Painting by Thomas Lawrence

Portrait of Frederick William III of Prussia is portrait painting by the British artist Thomas Lawrence of Frederick William III, King of Prussia. Begun in 1814 during the Visit by the Allied sovereigns to England to celebrate the defeat of France and abdication of Napoleon Bonaparte, it was completed during the Congress of Aix-la-Chapelle in 1818.

Lawrence was Britain's leading portraitist and a future President of the Royal Academy. It was one of a series of works commissioned from artist by the Prince Regent to celebrate the Allied victory in the Napoleonic Wars. From 1814 to 1825 he painted portraits of many European monarchs and leaders involved in the defeat of France. Originally it was suggested that Lawrence should paint a group portrait of the victorious allies, but it was then decided to produce individual portraits which better suited Lawrence's style of working.

Frederick William ruled Prussia between 1797 and 1840. Lawrence depicts the king at full-length in military uniform with swirling smoke of battle behind him. This was a reference to his participation in the recent wars, particularly during the Battle of Jena–Auerstedt in 1806 and the War of the Sixth Coalition (1813-14). He holds a plumed hat in his hand and has a scabbard at his side. His coat bears the Prussian decorations of the newly-created Iron Cross, the Order of the Red Eagle, the Order of the Black Eagle and the Order of the Garter which had been presented to him by the Prince Regent in 1814.

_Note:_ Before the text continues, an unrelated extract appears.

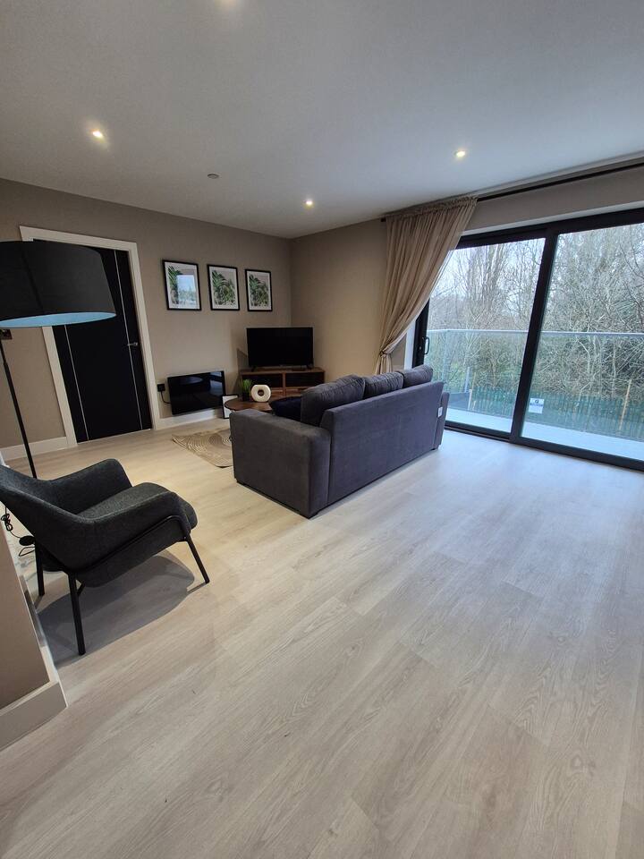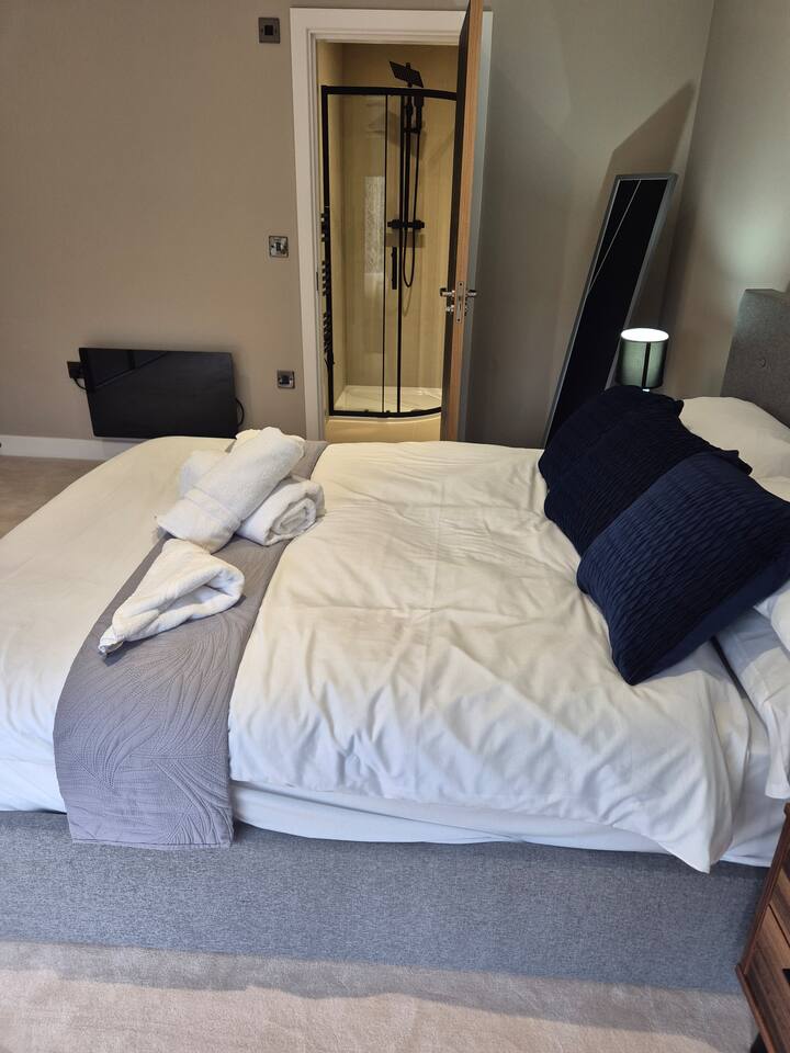 This spacious interior has been finished to a high standard and features comfortable furnishings, modern fixtures and fittings and plenty of room for up to 4 guests to enjoy a comfortable stay. There are 2 generous double bedrooms, both with comfortable beds made up with crisp hotel linen as well as plenty of storage space for clothes. The large open plan living area comprises a modern fully equipped kitchen with everything you need to cook your own meals at home, a sofa, armchair and smart TV. There is high speed broadband throughout the property. The 2 modern bathrooms both feature powerful showers (1 also with a bath), as well as complimentary toiletries and fluffy towels for your use.

The painting was commissioned by the Regent for the fee of five hundred guineas. Although included in the inventory of Carlton House from 1819, it was still in the artist's studio at his death in 1830. Today it hangs in the Waterloo Chamber of Windsor Castle with the other paintings

==Bibliography==
- Goldring, Douglas. Regency Portrait Painter: The Life of Sir Thomas Lawrence. ISBN 1014181941. Macdonald, 1951.
- Levey, Michael. Sir Thomas Lawrence. ISBN 0300109989. Yale University Press, 2005.